Where I probably sit on the issue is somewhere between the urban designers and the transport economists, while also recognising a dose of reality from the shopkeepers in some situations. I do think on-street parking has many of the benefits urban designers sometimes like about it – it narrows down the street, it shields pedestrians from moving vehicles, plus it supports “pop in” shopping.

But I also think we need to recognise the ‘value’ of our on-street parking spaces to a far greater extent. In places with high demand for parking, someone using up a space for hours and hours is denying many people the opportunity of utilising that space. The classic example is having the parking spaces outside a restaurant being used up by the staff of the restaurant, putting off potential customers. While this is perhaps a simplistic example, it highlights the need to properly value the parking space. Another classic example comes from the USA where many cities stop charging for parking during the Christmas shopping rush to supposedly encourage shoppers downtown. The perverse outcome of this is that everyone parks for much much longer than they would have otherwise and parking spaces actually become much harder to find.

In essence, on-street parking should be all about short-stay parking. Perhaps as long as you aren’t using the space for more than 10 minutes, you should be able to use it for free. But if you want to park on street (in a place with lots of parking demand) all day long, then the cost should be eye-watering enough to put you off from doing so. You really should be in a parking building, or catching public transport for such trips.

In other places where there’s a battle between whether we should have on-street parking or bus priority measures, we should look at the times of day when each different use delivers the greatest benefit. If we’re still shifting huge numbers of people on the bus along Dominion Road between 9-10am or between 6 and 7pm, then that is likely to deliver a greater benefit than enabling a few people to pop in to some shops without having to walk a few more metres from a side street. At  other times when the buses aren’t being held up by congestion in the general lane, then perhaps the greater benefit can be achieved through allowing on-street parking. The transport economist in me suggests we could probably find a nice way of measuring this in a fairly rational manner.

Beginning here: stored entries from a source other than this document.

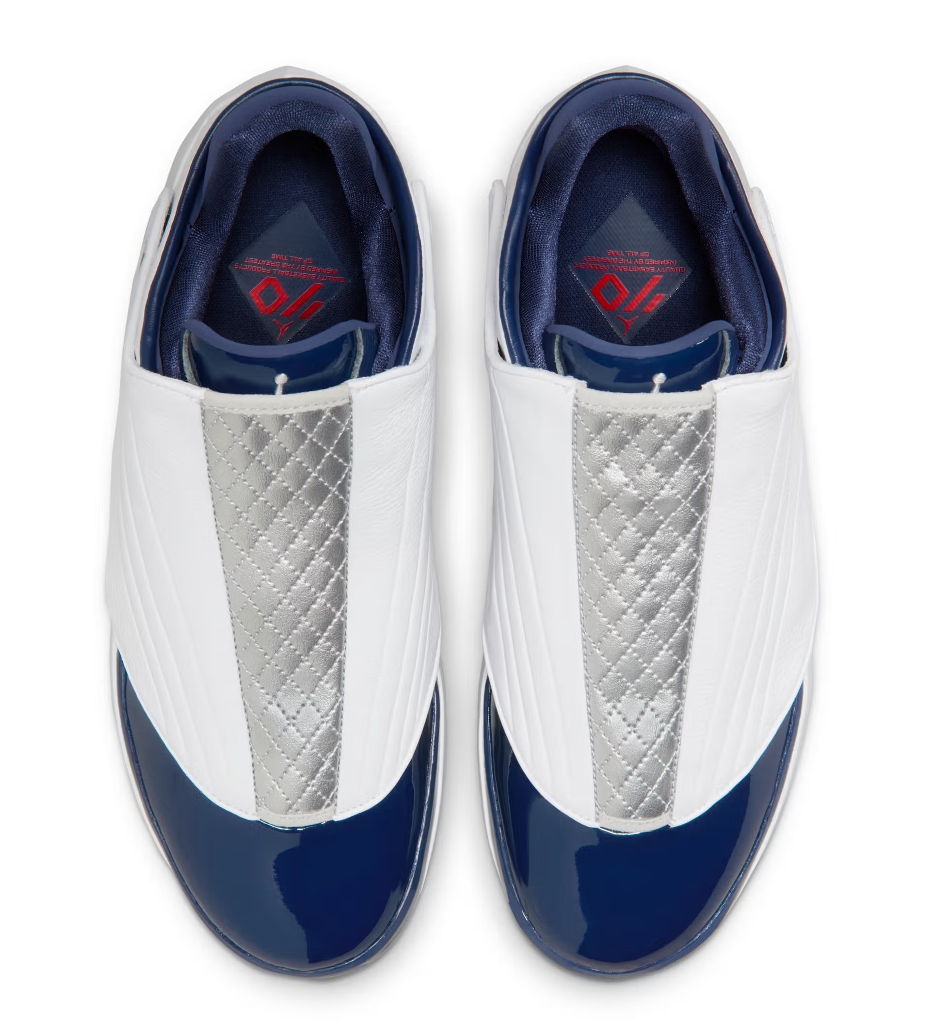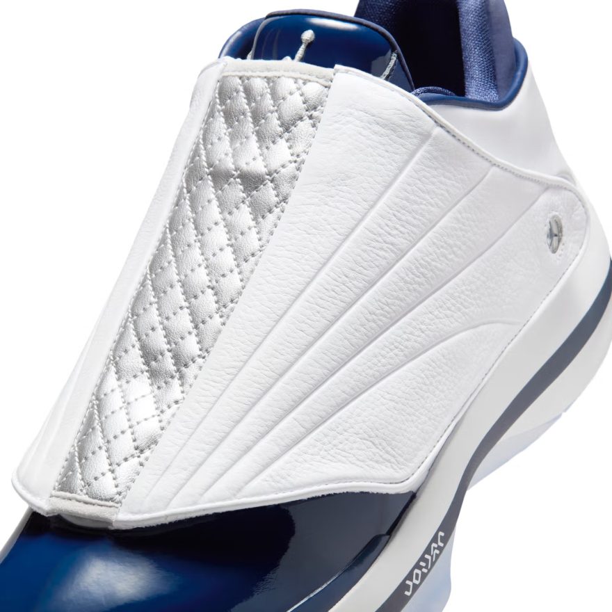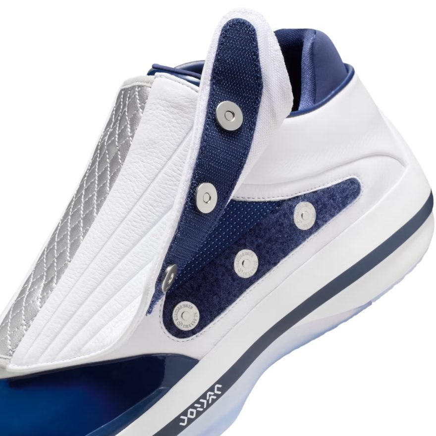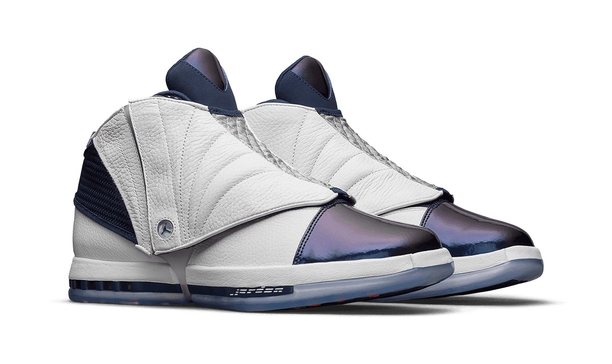 即使沒有翻出 16 代對比也能注意到,設計團隊擷取了數個細節,深化與 Air Jordan 16 的連結,能切換兩種造型的鞋罩之外,鞋頭漆皮、中底側面的 Jordan 壓字也是亮點所在。
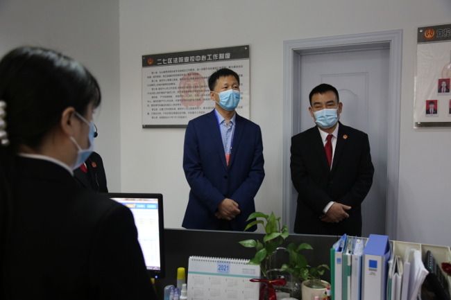 10月14日上午,二七区人大常委会组织区人大代表对区法院非诉讼纠纷化解工作进行视察。区领导吕安民、刘建峰、朱志刚、张建森、杨振河及部分区人大代表参加了视察。
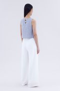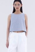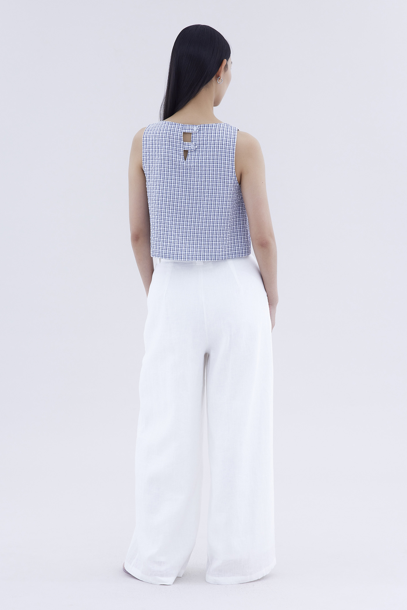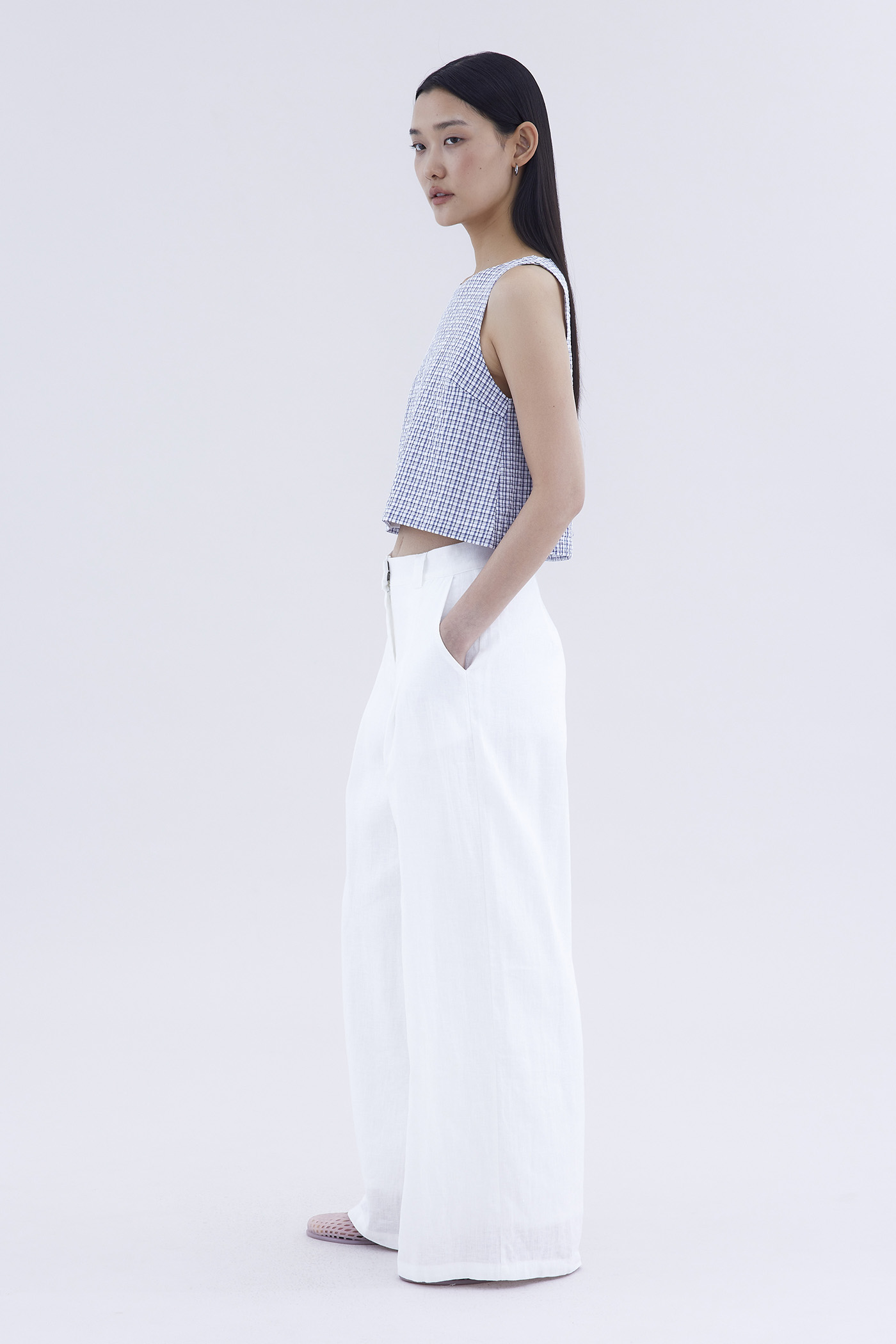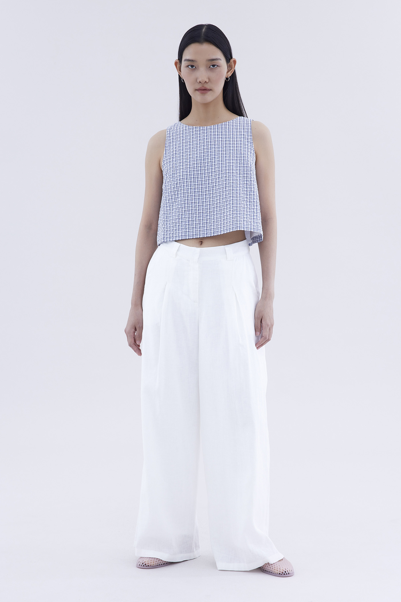 Clean lines. Made from airy and softly structured seersucker cotton, this sleeveless top features a round neckline and back buttons. Fits relaxed in a flattering boxy silhouette.
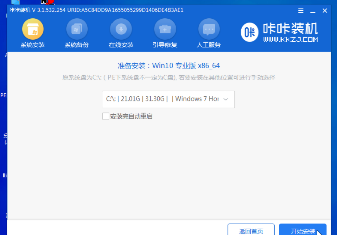 5、在pe系统内,我们打开咔咔装机工具,选择需要安装的系统点击安装即可。

I think Auckland Transport are starting to understand that a more nuanced approach to on-street parking is necessary. Their parking plan for the city centre made a lot of sense in many ways, perhaps apart from highlighting that the point of the very high prices for long-term parking was not for revenue-gouging, but instead to send a strong message that those people will be far better off in a parking building. Obviously we must also get rid of minimum parking requirements everywhere, but that’s a separate (if somewhat connected) issue.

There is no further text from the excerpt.